Em entrevista ao CNN Money, Rebecca Nossig, estrategista de ações da Nomad, afirmou que a recuperação deve ser interpretada como um alívio tático depois de uma dura sequência de desvalorizações, e não como uma mudança estrutural de tendência.

“Esse fôlego comprador foi impulsionado sobretudo por fatores externos específicos, como a atuação do Tesouro dos Estados Unidos na recompra de títulos e a alta nas cotações internacionais das commodities, que acabaram fornecendo um suporte direto e temporário para grandes empresas exportadoras e petroleiras de peso no índice”, explicou a especialista.

Para Nossig, porém, permancem fatores no ambiente doméstico, como fundamentos econômicos e o ambiente político, que impõem ventos contrários para a sustentação de um ciclo de alta prolongado.

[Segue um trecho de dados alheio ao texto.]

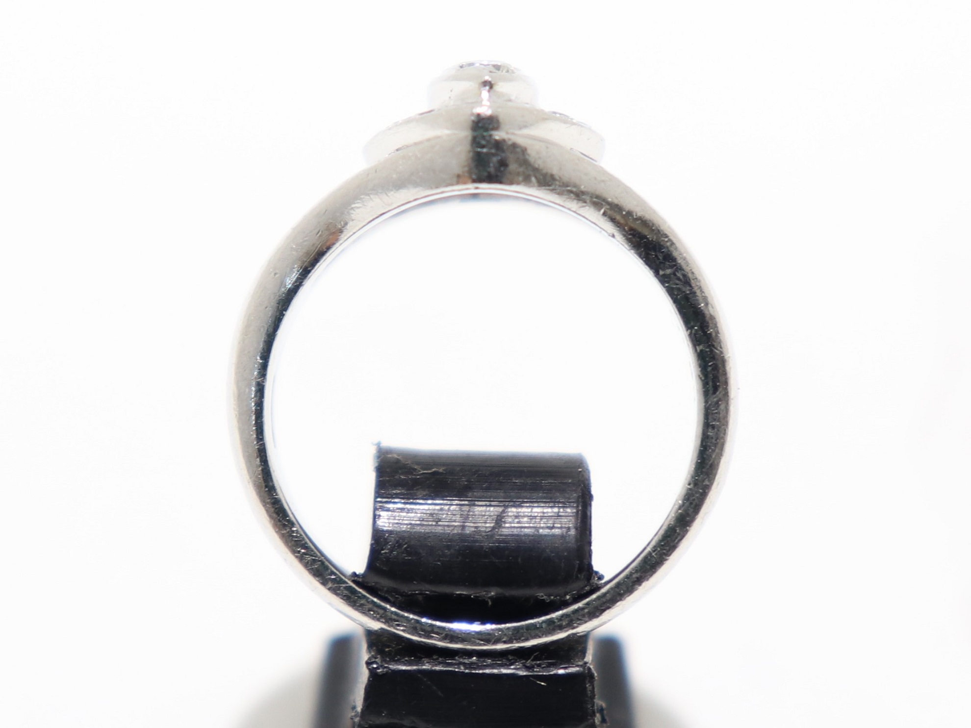 Pt900素材のリング枠で中央は菱形にデザインされており、ダイヤがセッティングされています。

Para que uma verdadeira virada de tendência se consolide no longo prazo, o mercado necessita do retorno consistente do fluxo de capital estrangeiro e de uma sinalização fiscal clara que consiga reduzir as taxas de juros de longo prazo de forma permanente”, afirma.

Até o dia 18 de agosto, R$ 20,5 bilhões de investidores estrangeiros foram retirados da bolsa brasileira, segundo relatório do JP Morgan. O banco destacou como o país caminha para a terceira maior saída mensal de capital estrangeiro desde 2008.

“Quanto ao que esperar dos fluxos futuros, o histórico não oferece muito alívio. […] Em todas as ocasiões, exceto uma (agosto de 2023), os fluxos permaneceram negativos nos 3 meses acumulados após o evento de ‘saída extrema’. Em todas as ocasiões, os resgates continuaram no mês seguinte à ‘saída extrema'”, diz o relatório.

Ao CNN Money, o analista da Suno Research, Malek Zein, disse que parte relevante da queda recente está relacionada à movimentação global de capital e à mudança de preferência dos investidores entre empresas de tecnologia.

Na avaliação dele, não houve uma deterioração estrutural significativa dos fundamentos brasileiros que explique sozinha a intensidade do movimento recente.

A avaliação de Nossig é semelhante à de Maurício Valadares, CIO da Nau Capital, que avalia que as quedas recentes deixaram o Ibovespa mais atrativo e “pode ter aberto uma janela de oportunidades para compradores”.

Porém, ressalta que ainda falta um gatilho definitivo para que o índice entre em uma trajetória de altas mais prologada.

Para Valadares, um quadro fiscal mais bem elaborado, uma melhora nas contas públicas e um cenário externo mais benigno poderiam ajudar a sustentar o movimento.